Объединяет все перечисленные случаи то, что эти государства возникали вблизи судоходных вод, но выше поймы реки, где плодородная равнина и постоянные водные потоки обеспечивали возможность поливного рисоводства. Поразительно, что ни одно раннее материковое государство не было расположено в дельте крупной реки. Дельты рек Иравади, Чао Прая и Меконг были принудительно заселены, и здесь начали заниматься поливным рисоводством только в начале XX века. Причины столь позднего развития этих районов, очевидно, таковы: 1) чтобы стало возможно рисоводство, требовались широкомасштабные дренажные работы; 2) их избегали, потому что здесь свирепствовала малярия (особенно сразу после расчистки территорий); 3) ежегодные разливы крупных рек были непредсказуемы и нередко разрушительны[115]. Впрочем, следует конкретизировать и обосновать мои смелые обобщения. Во-первых, политическое, экономическое и культурное влияние подобных центров политической власти, как и предсказывал Вродель, широко распространялось, если почти не сталкивалось с сопротивлением ландшафта, то есть по равнинам, судоходным рекам и береговым линиям. Ничто не иллюстрирует этот процесс более наглядно, чем постепенное, хотя и прерывистое замещение кхмеров и чамов вьетнамцами. Эта экспансия осуществлялась вдоль тонкой прибрежной полосы на юг, и берег выступал в роли водной магистрали, ведущей в конечном счете к дельте Меконга и далее за Вассак.
Сфера экономического влияния подобных государственных центров практически везде существенно превышала зону их политического контроля, поскольку последний зависел от получения монопольного доступа к рабочей силе и запасам продовольствия, которые можно было бы использовать в своих интересах, тогда как масштабы торгового влияния растут значительно легче. Однако проблема преодоления расстояний существовала и здесь: чем выше была меновая стоимость товара в соотношении с его весом и объемом, тем на большие расстояния велась торговля им. Дорогостоящие товары, такие как золото, драгоценные камни, ароматическая древесина, редкие лекарственные препараты, чай, ритуальные бронзовые гонги (предмет престижа в горах), связывали периферию с центром отношениями обмена, а не политического доминирования. Вот почему географический размах торговли и обменов, не требующих особых средств грузовой перевозки, был куда шире, чем достаточно скромные по сравнению с ним масштабы в принципе достижимой политической интеграции.

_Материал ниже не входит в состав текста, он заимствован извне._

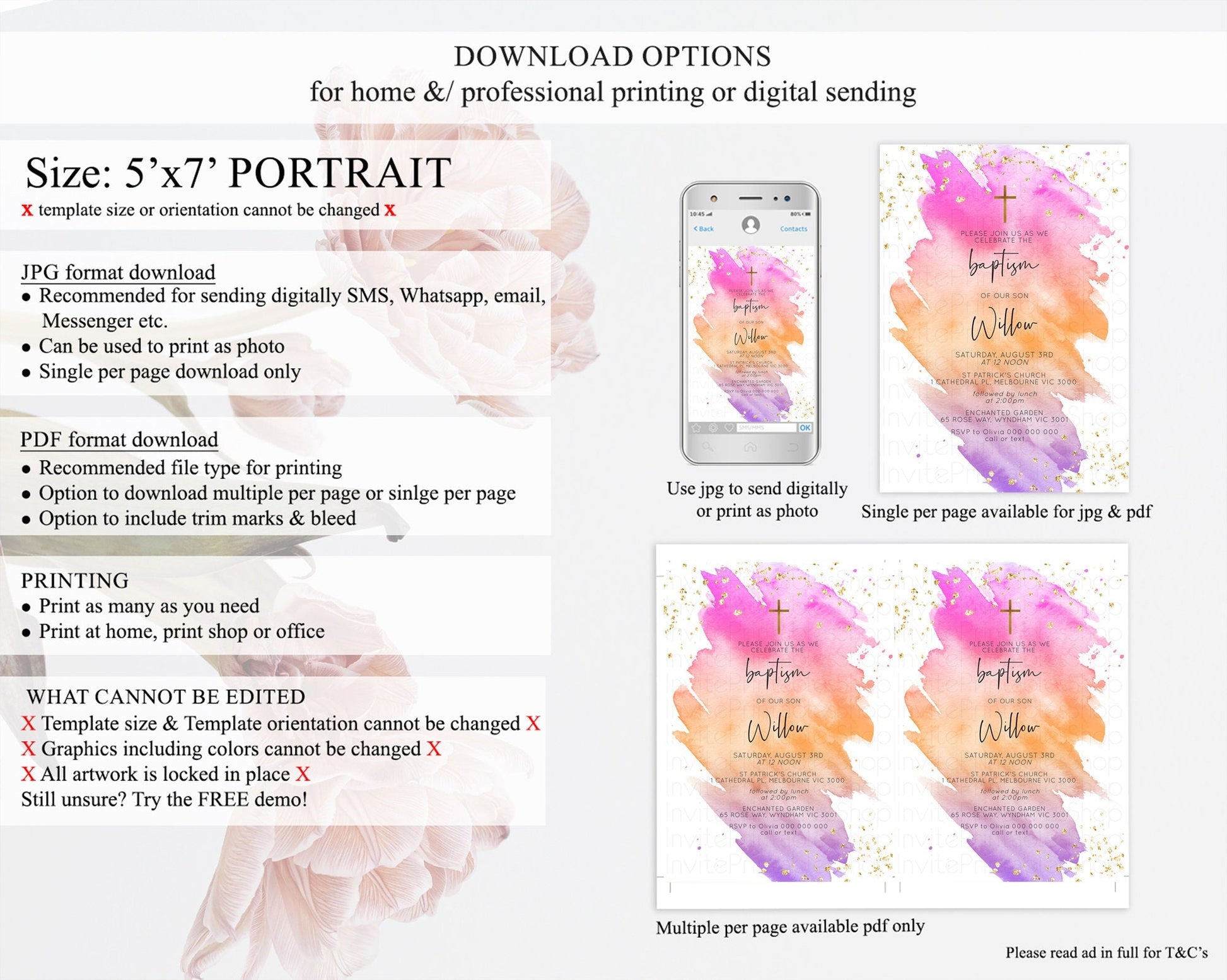 • Template size & orientation cannot be changed. Please use the demo link to confirm this product suits your needs.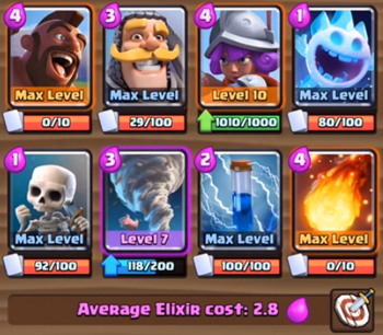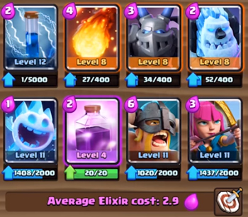 让我们从最常见的低价野猪骑士卡牌开始。虽然看起来不怎么样,但是绝对是一套非常强大的套牌。使用骑士抵抗伤害,然后使用野猪消耗对方的防御塔。同时,找机会使用小型闪电和火球,让野猪骑士尽可能多地攻击防御塔;使用高输出的小炮手配合飓风法术防御,还有小骷髅和冰淇淋的辅助。绝对不弱。

До сих пор я рассматривал только ключевые классические государства материковой части Юго-Восточной Азии. Однако принципиальное условие для формирования государств существовало практически везде – потенциальный центр поливного рисоводства, способный превратиться в «полностью подконтрольное территориальное ядро со столичным дворцом в самом его сердце»[116]. Различия между государствами определялись исключительно масштабами: если зона поливного рисоводства была большой и включала в себя множество сопредельных территорий, то при определенных условиях это могло способствовать возникновению крупного государства; если же размеры этой зоны были скромными, то и формирующееся, опять же при наличии определенных условий, государство также было небольшим. В последнем случае оно представляло собой укрепленный город, в котором проживало по крайней мере шесть тысяч подданных, у которого были союзники в близлежащих горах, расположенных на равнине с поливным рисоводством, и который управлялся, теоретически, единым властителем. По всей материковой Юго-Восточной Азии, нередко на достаточно больших высотах, рассеяны пространства с агроэкологическими условиями, способствующими формированию государств, хотя обычно, скорее, карликовых. В большинстве подобных мест в тот или иной период истории существовали небольшие тайские княжества. Изредка они объединялись в союзы или конфедерации, чтобы на короткий исторический миг превратиться в грозное государство. Процессы государственного строительства вокруг центров поливного рисоводства, независимо от их размеров, всегда были случайными и нередко эфемерными. Можно согласиться с Эдмундом Личем, что «рисовые поля оставались на одном месте», формируя тем самым потенциальный экологический и демографический ресурс, который умный и удачливый политический деятель мог использовать, чтобы создать новое или возродить прежнее государственное пространство. Однако даже весьма успешные династии были не в состоянии создать здесь подобие наполеоновской империи – только шаткие иерархии компактных суверенных княжеств. Оклеивал их воедино прежде всего разумный расчет при распределении прибылей и заключении брачных союзов, а в случае необходимости – и карательные кампании, обеспечивавшие жизненно необходимый жесткий контроль над человеческими ресурсами.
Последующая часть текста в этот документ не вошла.